● **TASK INSTRUCTIONS**: Only one stretch of the data below is needed: the line with "Dámská čepice s" through the last line. Output it exactly and drop the pictures.

● **GIVEN ENTRIES**:
▶
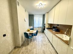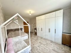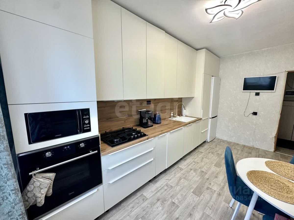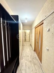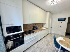 Продается просторная трехкомнатная квартира площадью 76,4 кв.м. на пятом этаже дома 2012 года постройки. Квартира в отличном состоянии, с продуманной планировкой типа "распашонка" — окна выходят на обе стороны, обеспечивая естественный свет и хорошую проветриваемость. В квартире установлены пластиковые окна, стены оклеены светлыми обоями, полы во всех комнатах покрыты качественным линолеумом. Кухня оборудована новым гарнитуром с полным набором встроенной техники: посудомоечная машина, варочная панель, духовой шкаф, вытяжка, микроволновая печь и холодильник. Санузел раздельный, с кафельной плиткой на полу. Из гостиной есть выход на балкон, дополнительно предусмотрены места для хранения.
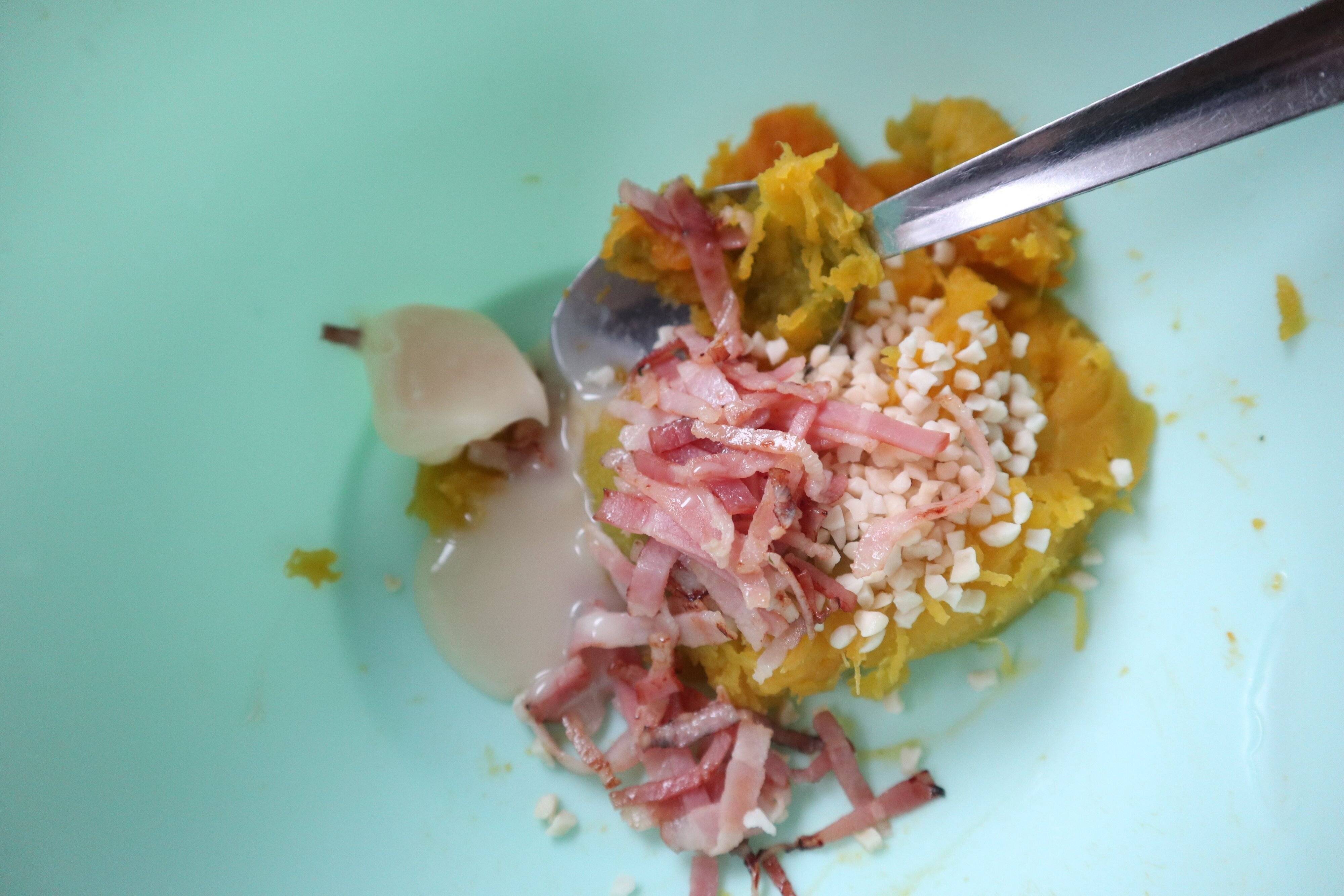1.かぼちゃは種を取り、ラップに包んで600Wの電子レンジで6分加熱。粗熱が取れたら、スプーンで皮をはがします。ベーコンは細切りにしてフライパンでさっと炒める。
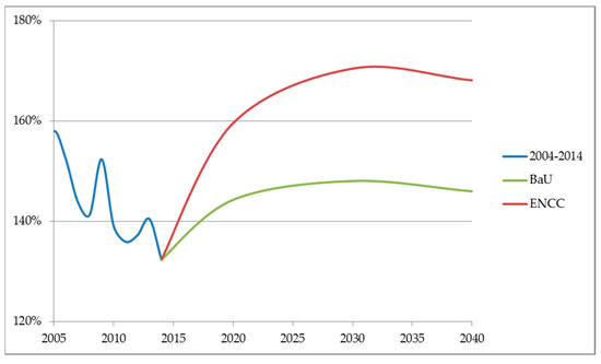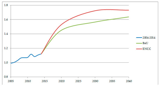 Regarding energy independence, the trend from 2004 to 2014 is to decrease. As has been seen in Figure 1 and Figure 3, while national primary energy remains constant in the period, final consumption continuously grows, so energy dependence is higher from one year to the other. When the results of the optimization exercise in the medium and long term are analyzed, the evolution of the energy independence in both scenarios is quite different. While in the BaU scenario the trend is to start increasing again, in the ENCC one, it grows at the beginning but then reduces, always being above 140%. Although both primary and final energy in ENCC increase from 2020 to 2050, at the end of the period, the growth rate in the final energy consumption is higher than in the primary energy production, mainly because at the end fossil fuel’s national production experiences reductions around 10%.
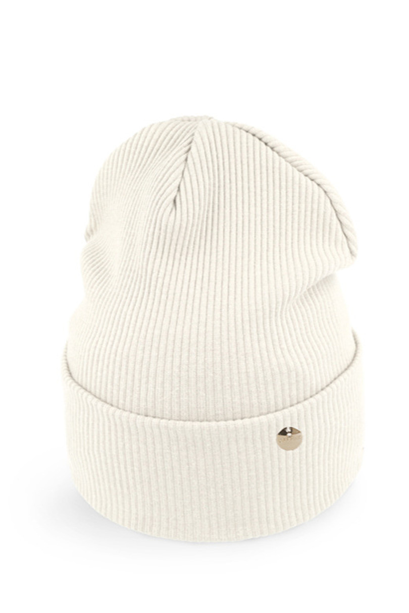 Dámská čepice s ohrnutím, vyrobená ze spodníóy vrstvy žebrované bavlny..
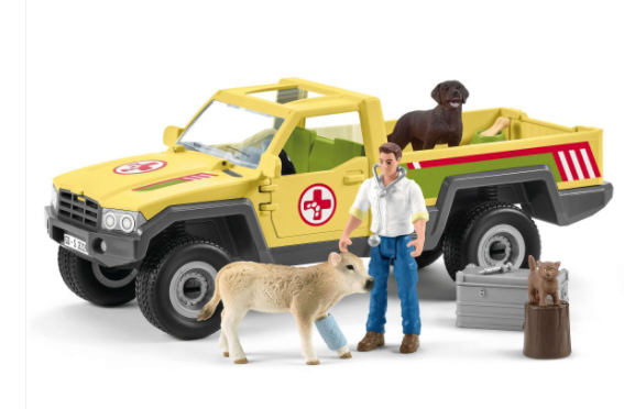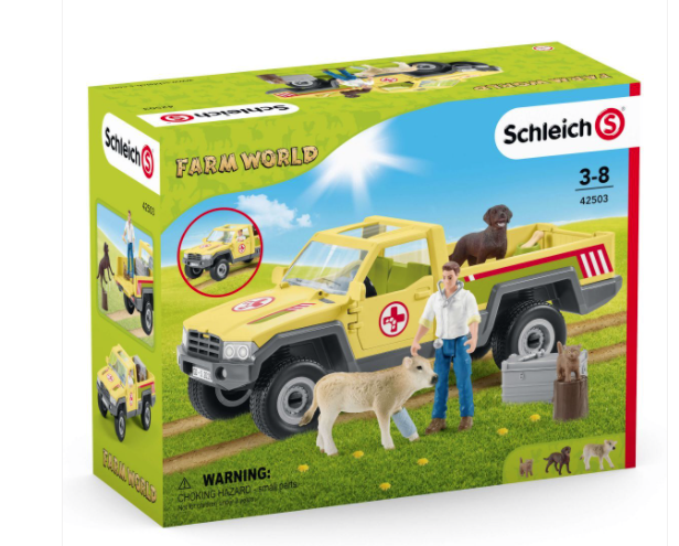 Expansion set for the veterinary practice with pets from the Schleich Farm World. A calf on the farm has sprained its foot. The vet jumps in his pickup straight away with his Labrador and the cat, and heads off to examine the calf. The vet’s case with medication and bandages is always in the loading bay of his pickup. He bandages the calf right away and drives it to the veterinary practice. After the X-ray it can recuperate there before being taken back to the farm. Includes: 1x pick-up, 1x vet, 1x calf, 1x Labrador Retriever, 1x kitten, 1x aluminum box, 1x stethoscope, 1x bandage, 1x bowl, 1x bone, 1x tree trunk, 1x sticker sheet.
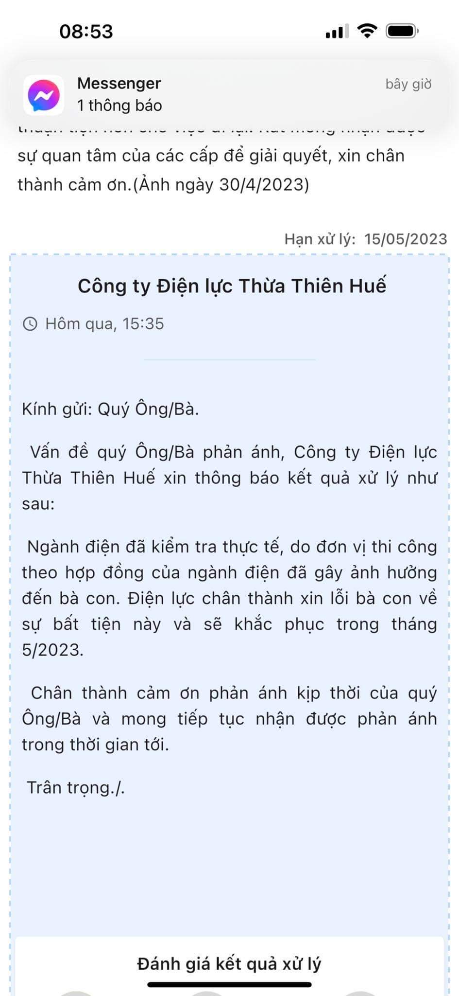 Vấn đề quý Ông/Bà phản ánh, Công ty Điện lực Thừa Thiên Huế xin thông báo kết quả xử lý như sau:
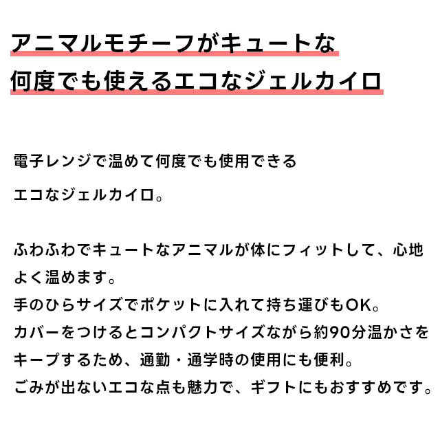 アニマルモチーフがキュートな、何度でも使えるエコなジェルカイロ
◀
● **RESPONSE AREA**:
 Dámská čepice s ohrnutím, vyrobená ze spodníóy vrstvy žebrované bavlny..
 Expansion set for the veterinary practice with pets from the Schleich Farm World. A calf on the farm has sprained its foot. The vet jumps in his pickup straight away with his Labrador and the cat, and heads off to examine the calf. The vet’s case with medication and bandages is always in the loading bay of his pickup. He bandages the calf right away and drives it to the veterinary practice. After the X-ray it can recuperate there before being taken back to the farm. Includes: 1x pick-up, 1x vet, 1x calf, 1x Labrador Retriever, 1x kitten, 1x aluminum box, 1x stethoscope, 1x bandage, 1x bowl, 1x bone, 1x tree trunk, 1x sticker sheet.
 Vấn đề quý Ông/Bà phản ánh, Công ty Điện lực Thừa Thiên Huế xin thông báo kết quả xử lý như sau:
 アニマルモチーフがキュートな、何度でも使えるエコなジェルカイロ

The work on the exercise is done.